SELF-Partiality, is a phrase employed by some philosophers to express that weakness of human nature * See Lord Kaimel's Art of Thinking. through which men overvalue themselves when compared with others. It is distinguished from general partiality, by those who make use of the expression, because it is thought that a man is led to overrate his own accomplishments, either by a particular instinct, or by a process of intellect different from that by which he overrates the accomplishments of his friends or children. The former kind of partiality is wholly selfish; the latter partakes much of benevolence.

This distinction may perhaps be deemed plausible by those who consider the human mind as little more than a bundle of instincts; but it must appear perfectly ridiculous to such as resolve the greater part of apparent instincts into early and deep-rooted associations of ideas. If the partialities which most men have to their friends, their families, and themselves, be instinctive, they are certainly instincts of different kinds; but an instinctive partiality is a contradiction in terms. Partiality is founded on a comparison between two or more objects; but genuine instincts form no comparisons. See INSTINCT. No man can be said to be partial to the late Dr Johnson, merely for thinking highly of his intellectual powers; nor was the doctor partial to himself, though he thought in this respect with the generality of his countrymen; but if, upon a comparison with Milton, he was deemed the greater poet of the two, such a judgment will be allowed to be partial, whether formed by himself or by any of his admirers. We apprehend, however, that the process of its formation was the same in every mind by which it was held.

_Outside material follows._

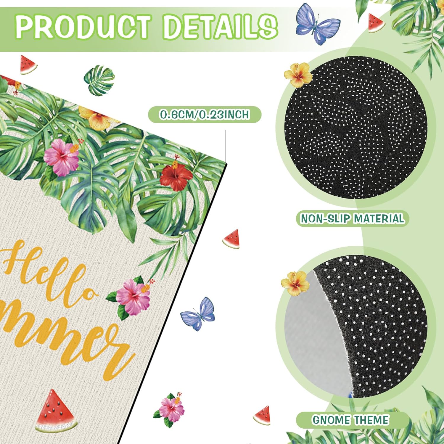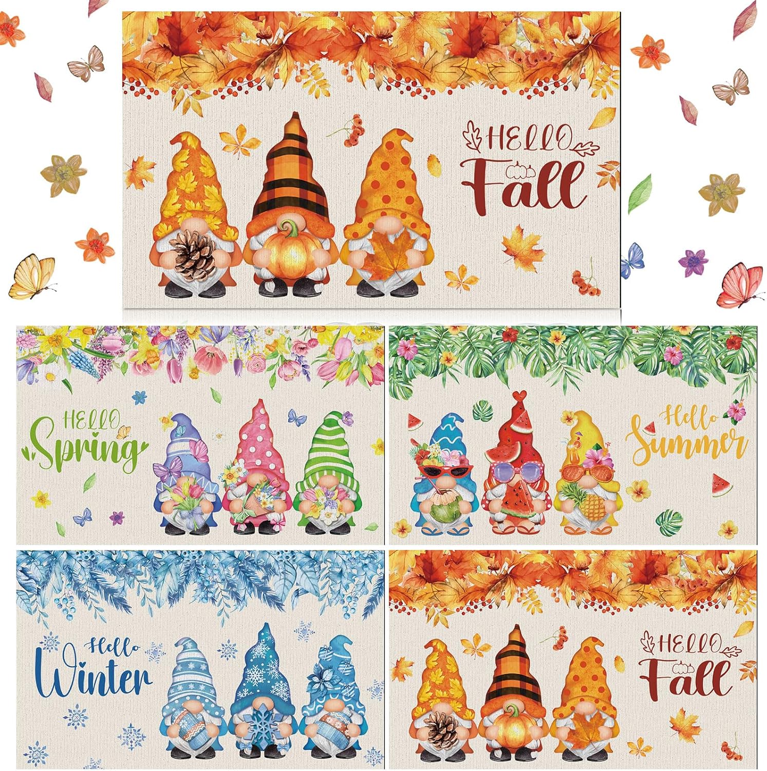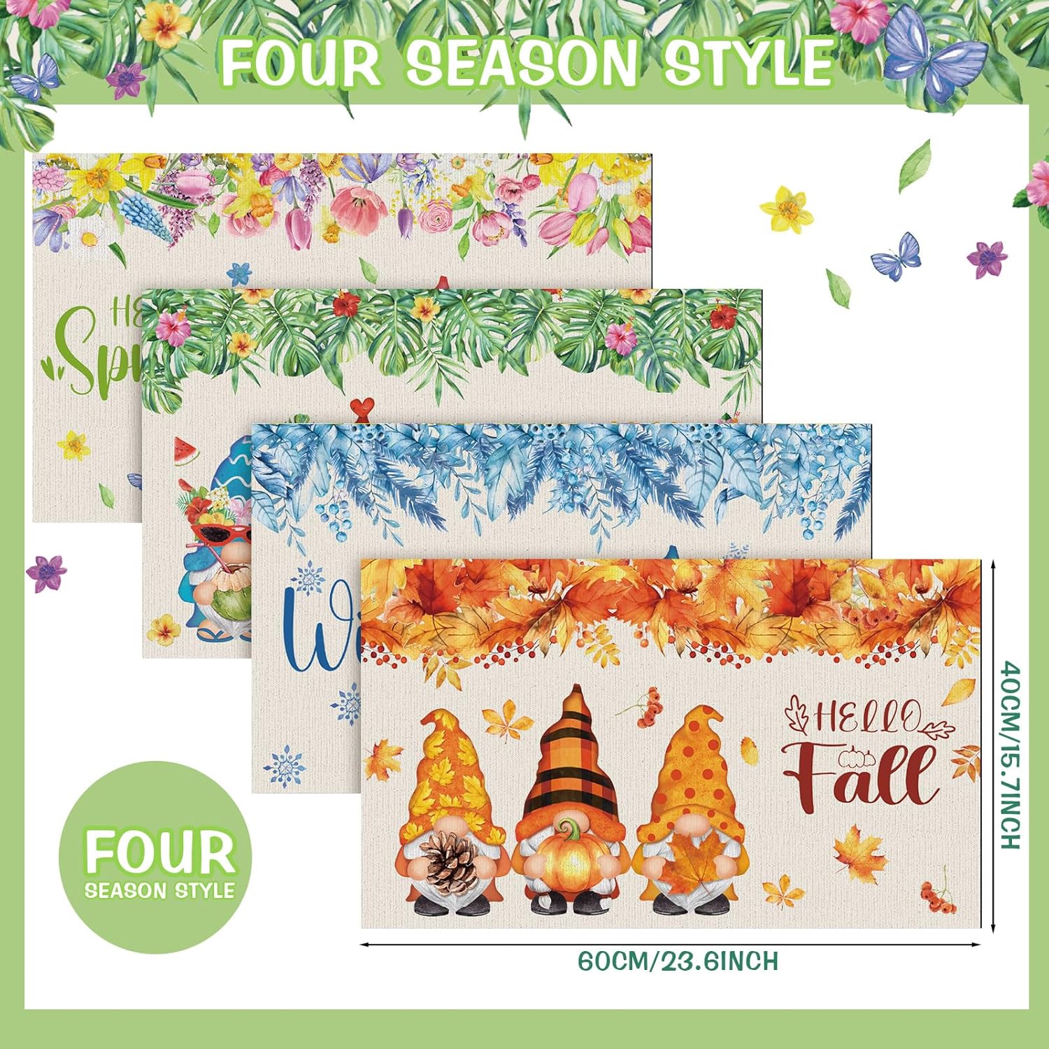 Features: Each package includes four distinct doormats, each representing a different season, spring, summer, autumn, and winter. This seasonal gnome doormat set ensures your home stays seasonally stylish all year round. With these seasonal gnome doormat offerings, you can effortlessly uphold a lively ambiance in your home, regardless of the season. Experience an instant seasonal upgrade right at your doorstep. Specifications: Material: non woven fabrics and polyester Color: multicolor Size: 23.62 x 15.75 inch/ 60 X 40 cm Package includes: 4 x Seasonal doormat Notes: Manual measurement, please allow slight errors on size. The color may exist a slight difference due to different screen displays.

The origin of self-partiality is not difficult to be found; and our partialities to our friends may be traced to a similar source. By the constitution of our nature, we are impelled to shun pain and to pursue pleasure; but remorse, the severest of all pains, is the never-failing consequence of vicious conduct. Remorse arises from the dread of that punishment which we believe will in a future state be inflicted on vice unrepented of in this; and therefore every vicious person endeavours by all possible means to banish that dread from his own mind. One way of effecting this is to compare his own life with the lives of others; for he fancies that if numbers be as wicked as himself, the benevolent Lord of all things will not involve them in one common ruin. Hence, by magnifying to himself the temptations which led him astray, and diminishing the injuries which his conduct has done in the world, and by adopting a course diametrically the reverse, when estimating the

the morality or immorality of the conduct of his neighbours, he soon comes to believe that he is at least not more wicked than they. Thus is self-partiality formed in the mind, and quickly blinds him who is under its influence so completely, as to hide from him the very faults which he sees and blames in others. Hence the coward thinks himself only cautious, the miser frugal. Partiality is formed in the very same manner to natural or acquired accomplishments, whether mental or corporal. These always procure respect to him who is possessed of them; and as respect is accompanied with many advantages, every man wishes to obtain it for himself. If he fails in his attempts, he consoles himself with the persuasion that it is at least due to his merits, and that it is only withheld by the envy of the public. He compares the particular branch of science or bodily accomplishment in which he himself most excels, with those which have conferred splendour on his rival; and easily finds that his own excellencies are of the highest order, and entitled to the greatest share of public esteem. Hence the polite scholar despises the mathematician; the reader of Aristotle and Plato all the modern discoveries in physical and moral science; and the mere experimentalist holds in the most sovereign contempt a critical knowledge of the ancient languages. The pupil of the ancients denies the merits of the moderns, whilst the mere modern allows nothing to the ancients; and thus each becomes partial to his own acquisitions, and of course to himself, for having been at the trouble to make them.

Partiality to our friends and families is generated in the very same way. Whenever we acquire such an affection for them as to consider their happiness as adding to our own (see PASSION), we magnify their excellencies and diminish their defects, for the same reason, and by the same process, that we magnify and diminish our own. All partialities, however, are prejudices, and prejudices of the worst kind. They ought therefore to be guarded against with the utmost care, by the same means which we have elsewhere recommended (see PREJUDICE, and METAPHYSICS, No 98.); and he who is partial to his own virtue or his own knowledge, will do well to compare the former, not with the conduct of his neighbours, but with the express value of his duty; and to consider the latter as no farther valuable than as it contributes to the sum of human happiness.